I only rebuilt the headstock when I got my Logan.
I used a composite belt.
I was seeking utility, and not restoration.
Your choice completely depends on your preferences and goals. 
Another SAVE!!!

Daryl
MN


----------



## Mark_f (Nov 21, 2014)

ScrapMetal said:


> Especially for a lathe with the "under" drive I would prefer a stitched flat belt, either leather or composite.  I know guys complain about the "tink, tink, ..." you can get from the metal stitching with a traditional belt but they are so much easier to install, work with, and change if necessary.  I put a composite belt from Al Bino Machining on my SB and have been very happy with it.  I've also seen recommendations for John Knox as a source for belts.
> 
> -Ron



    I hear a of comments from people about the "tink" "tink" of the leather belt with clipper splicing. I must be lucky cause mine never makes any noise.( or I just can't hear it )

Mark


----------



## dlane (Nov 21, 2014)

Thanks for the replies , I went with a green motor drive belt from napa. The one that came in it was old, fraying, jumped all over the place, green one runs alot smother/quieter but not perfect  , thinking of a easy way to release tension when not in use.  

Any one have any luck with a link type head stock belt  - pros , cons  
composite super glued, rubber glued , leather stitched,?"=======" can u glue leather "Goop maybe"?.  rope, pantyhose?. lol
   Thanks again 
     Derrick


----------



## Thoro (Nov 22, 2014)

Here is what I learned while rebuilding my heavy 10:

When I received my lathe, it had a shop made flat pulley on the motor, as well as the flat pulley on the countershaft.  This was common for guys to change the motor pulley over to flat as it doesn't seem to make much sense to run a v belt on a flat pulley.  However, this was normal and standard issue on these lathes.  The motor drives the v pulley and the amount of contact area on the large countershaft pulley has no effect on the grip you get with or without a v pulley.  In fact, a flat pulley will provide less grip and you will get slippage.

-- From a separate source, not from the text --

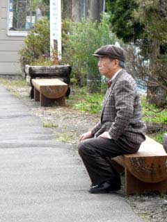 駅前にマイクロバスがとまって賑やかなこえが聞こえます。
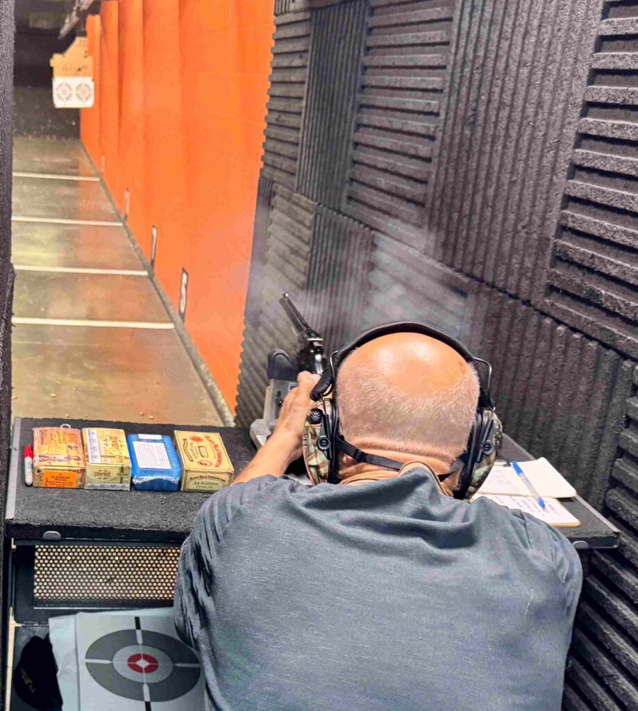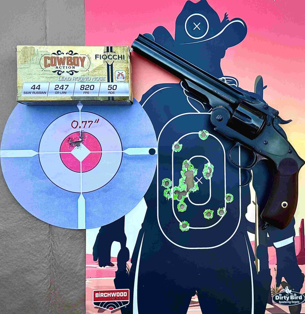 The best 5-shot group was made using the Fiocchi .44 Russian ammo; twenty shots were fired standing, with a two-handed hold, at the “cowboy” target.

So, I put a v pulley back on the motor and it runs great.  It is also more forgiving on motor alignment.  If you don't align the motor perfectly a flat pulley will want to walk off the pulleys one way or another.

Hope this helps.


----------



## fixit (Nov 22, 2014)

For flat belts I highly recommend "John Knox" at http://www.leatherdrivebelts.com/ He provided me with a belt for a LOGAN I rebuilt for a friend. He's a GREAT GUY & loves to talk about belts. The price was right also.

fixit


----------



## woodtickgreg (Nov 22, 2014)

I just stitched an automotive serpentine belt and it works great.


----------



## dlane (Dec 2, 2014)

Have an extra serp belt for my truck , flat on one side ribbed on the other. think i'll try splicing & gluing w/ flexible superglue kinda like what was on it. Time will tell, Its long enough for two.
thanks


----------